I was actually going to hold off posting about fibs until I re-started trading and put my money where my mouth was, but, then this thread opened up and while I tried to stay away, it persisted so I took a look.
I would actually prefer to play this game when I'm actually trading and in real-time...anyway, I guess we can see how this week plays out at least...
poc ,vwap, and correlations are not systems in of themselves. anyone that uses a system solely based on their( poc, vwap, correlations) relationship to price, will find it very difficult to be consistently profitable. this is the giant point i am trying to make.
fact is, markets are inextricably correlated. the degree to which they are correlated varies, based on the inherent stress that exists in the market eco-system. cross-asset relationships are dynamic i.e., in a constant state of flux, not only based on the co-directionality of the moves, but also based on the magnitude of the moves. my interpretation of these relationships provides a multi-variate input which not only aids in providing a forward-looking view and the necessary feedback for confirmation or refutation of the move, but also as a method for either adding risk and potential greater profit or a mitigation of risk through diversification.
There is zero doubt that you are consistently profitable using your "system". I honestly have not seen a single other person on this forum able to replicate this consistency using inter-market relationships, and you have been showing them "how" for years now.

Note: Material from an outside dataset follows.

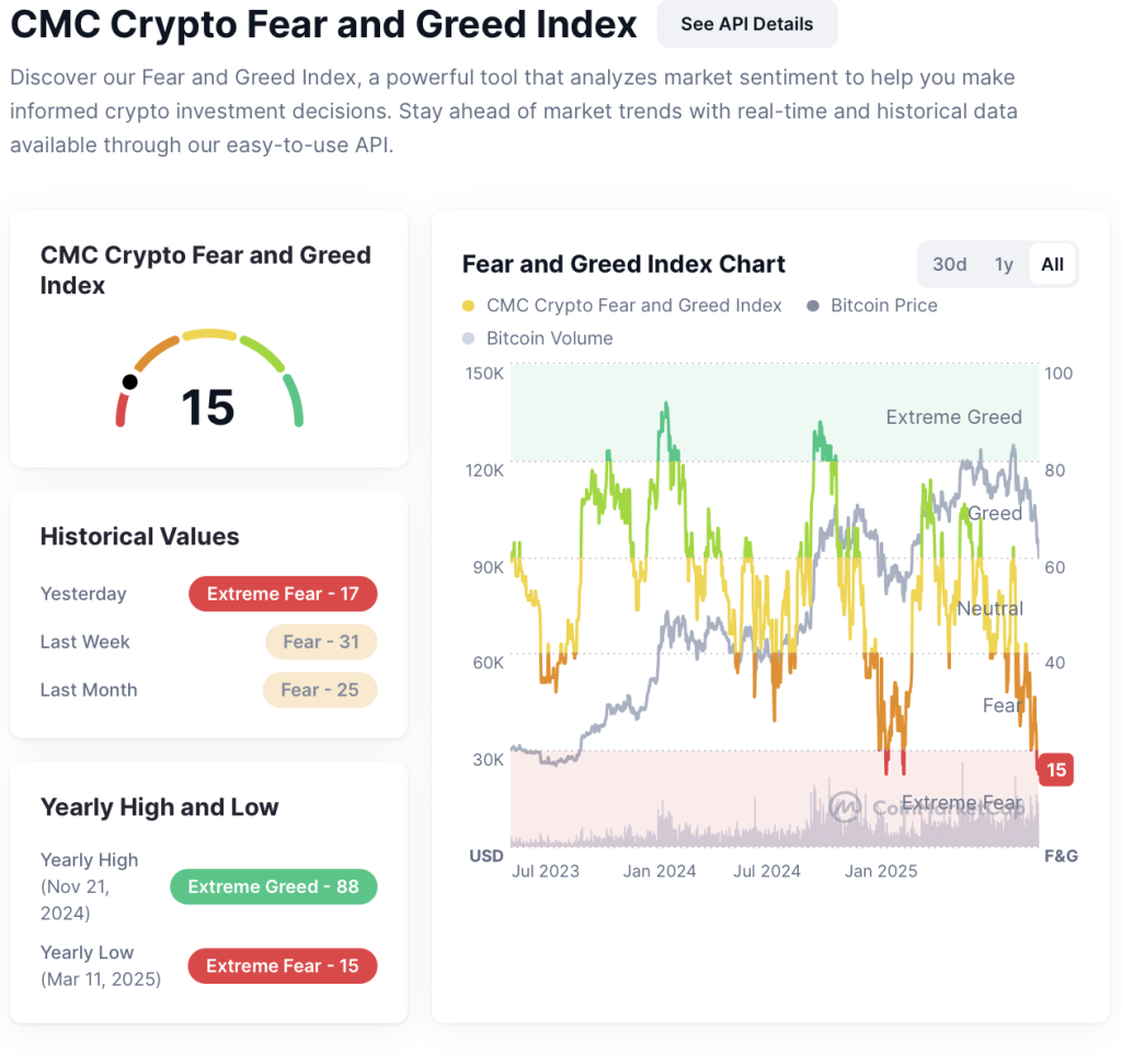 Gleichzeitig signalisiert der Fear-and-Greed-Index eine außergewöhnlich pessimistische Stimmung. Mit einem Wert von 15 wird extreme Angst gemessen, das niedrigste Niveau seit Beginn des Jahres.

There are probably a decent amount of people parroting your trades, but unfortunately, I think that leads to a lot of parroting in general. I don't know how many times I've heard "Yen looks strong" or "xxx is diverging" without any specific quantitative method of assessing the situation or arriving at a go/nogo decision, and where that decision should be effected.
I am inclined to believe you that money flow drives price because that makes sense. I also think it is EXCEEDINGLY difficult to truly understand how the money is actually flowing AND to translate it into actionable signals, especially in the short term. Maybe after 30 years of watching the market, but I don't have that much time to wait. You are the only person I have seen do that consistently and I'm still not really sure how you do it, and apparently, neither are most others. At any rate, I don't think that inter-market relationships and fibs are really at odds. For me, its possible that money flow can be the why, and fibs can be the how. They can work at different levels. There are still things about fibs that I haven't figured out. But I've seen price respect them enough that I cannot ignore them.